質問しても答えない子どもへの関わり方とは[やる気を引き出すコーチング]
「やっぱり子どもに考えさせることは大切だと思って、質問するように心がけているのですが、『わからない』『めんどうくさい』などと言われて、答えが返ってこないことが多いです。つい、こちらから、いろいろな例を出したり、最後には答えを言ってしまったりの繰り返しです。答えられない子どもには、どんな関わり方をしたらよいでしょうか?」
かなりの頻度で、保護者の方々からいただくご質問なので、今回、こちらでも取りあげてみることにしました。「今まで、『自分で考えてみる機会』よりも『親の答え』を与えられ続けてきた結果なのです」と言っても仕方がないので、「コーチならどうするのか?」をヒントにしていただければ幸いです。今からでもまったく遅くはありません。
「受容」+「質問」を繰り返す
こういう会話、多くないですか?
「ねえ、今日、晩ごはん、何が良い?」
「カレー!」
「カレーはダメ。昨日もカレーだったでしょ!」
質問されたので答えたのに、「それはダメ!」と言われてしまう経験を、小さいころから繰り返し積んでいると、子どもは、しだいに「わからない」と言うようになります。答えても否定されると、「どうせ言っても言い返されるだけ。答えないほうがめんどうくさくない」という条件反射が刷り込まれてしまうからです。

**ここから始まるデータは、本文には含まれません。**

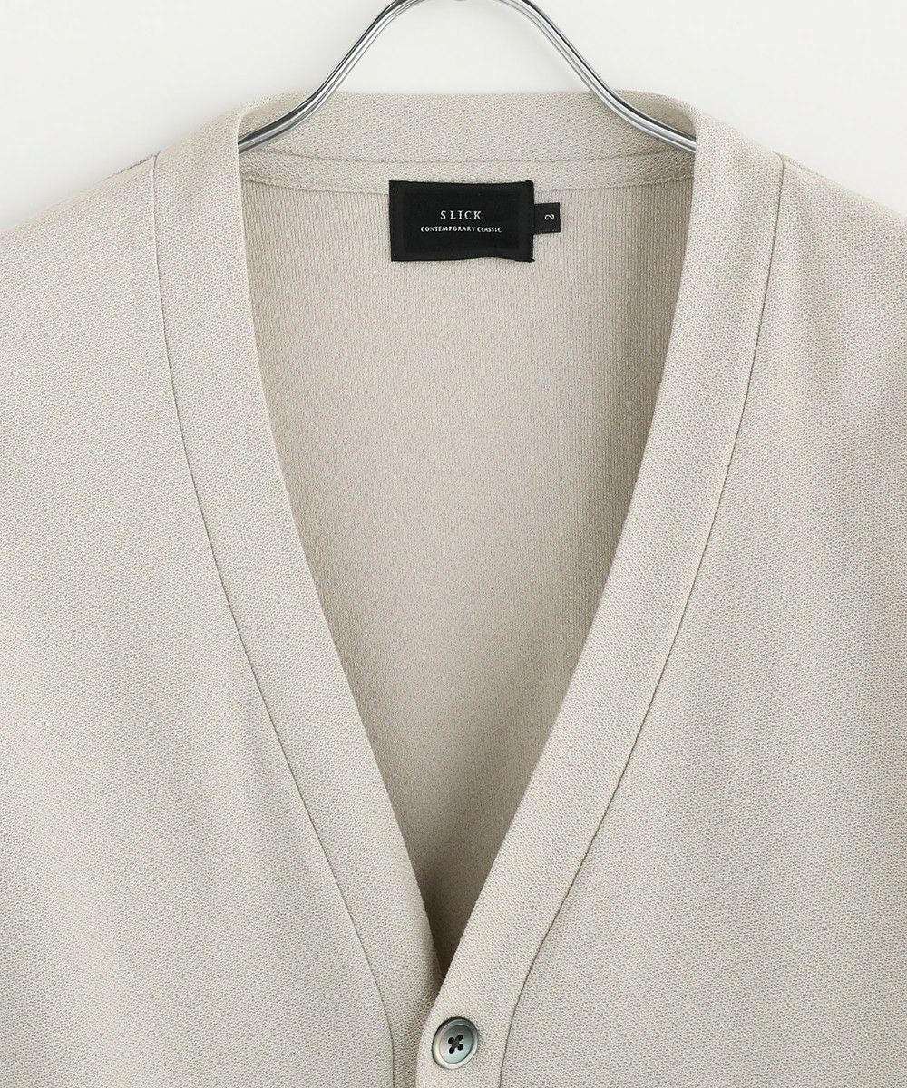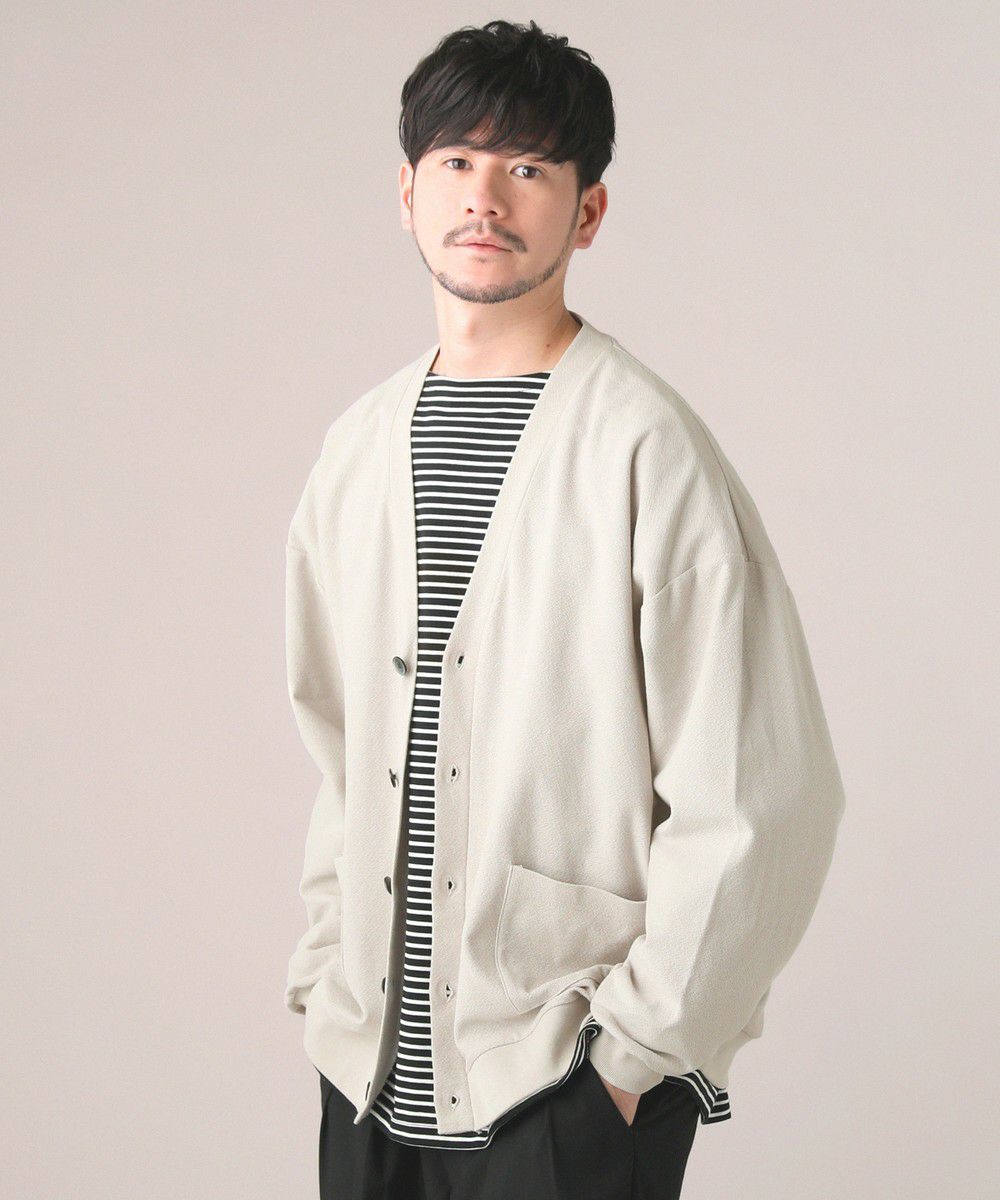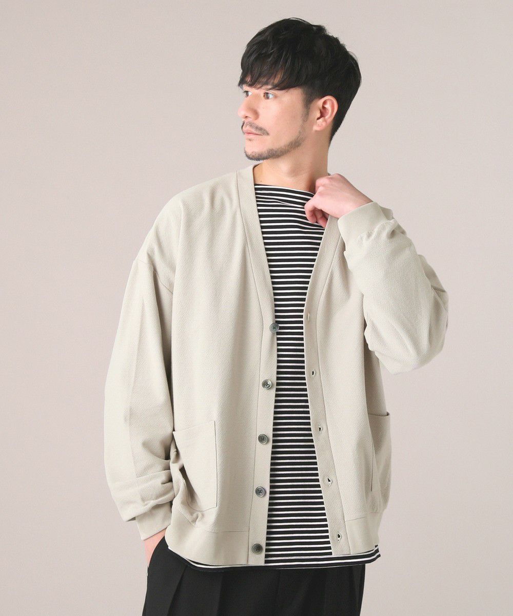 MVS(ムラタヴォルテックススピナー)と呼ばれる特殊な構造をした糸で編まれたアムンゼン生地を採用。リネンのような風合いとドライタッチな肌触りが、シンプルながらも洗練された雰囲気を醸し出すカーディガンです。飽きの来ないデザインで、様々なスタイリングで活躍する一枚に仕上がりました。

だからと言って、「相手の言い分に全部賛同してください」と言っているわけではありません。コーチングでは、「受容」を頻繁に使います。「賛同」と「受容」は違います。「賛同」とは、「そうだね! その通りだと思うよ」と相手の意見に賛成することですが、「受容」は、「そう思ったんだね」「そんなことがあったんだね」と、相手が言ったことをただ受けとめるだけです。
高校生との就職カウンセリングの場で、将来、何をしたいのかまったく答えられない生徒にこんな質問をしたことがあります。
「じゃあ、何でもやれるとしたら、何をやりたい?」
「何でも良いんだったら? ……一生遊んで暮らしたい」
たしかに、この答えに、「それは良いことだね!」と賛同することは、就職カウンセラーとしてはできません。でも、「一生遊んで暮らしたいって思ってるんだね」と、相手が言ったことをいったん受けとめることはできます。それはダメ、それは良いと評価をせず、ただ受けとめるだけです。そして、受容のあとに、
「たとえば、どんなことをして遊びたいの?」
と、質問を繰り返します。
「わかんない」
「わかんないんだ(受容)。こんなことができたら良いなって思うことないかな?(質問)」
「ゲーム……」
「ゲームね(受容)。どんなゲーム?(質問)」
こんな感じです。
「ほかには何したい? ゲームのほかに何かない?」
受容しながら質問を繰り返すうちに、
「やっぱ、遊んでばっかじゃダメっすよね」
と相手が自分で考え始めました。
「わからない」という答えがあってもOKです。「わからないんだね」といったん受容してあげてください。場合によっては、日を置いて、また同じ質問を繰り返してみてください。その繰り返しの中で、何を言っても受けとってもらえると思えば、しだいに自分で考える習慣がついてきます。
こちらの「答え」は手放す
「子どもに質問をして答えを引き出せても、わたしが思っているような答えではなく、自分の都合の良いような答えをします。それを認めてもよいのでしょうか?」という質問をいただくこともあります。たいへん恐縮なのですが、こんなふうに思っていらっしゃる限り、お子さんはやる気になれないと思います。
「わたしが思っているような答えでないとダメ」、つまり、「自分の思い通りに子どもを動かしたい」と思っている時点で、お子さんは、「じゃあ、いちいち質問するなよ」と思ってしまいます。大人でも、こちらの気持ちを受けとらないまま、ただ、自分の思い通りにさせようとする人の言うことなど、聞く気になれないでしょう。
認めるのではなく、こんな時も、まず受容です。そして、こちらが、自分の答えを持たないで質問します。「そうか、そう考えたんだね。それをするとどうなるのかな?」などです。どうか、お子さんの前進のために、「わからない」「めんどうくさい」で、大人もすぐにあきらめないでいただきたいなと思います。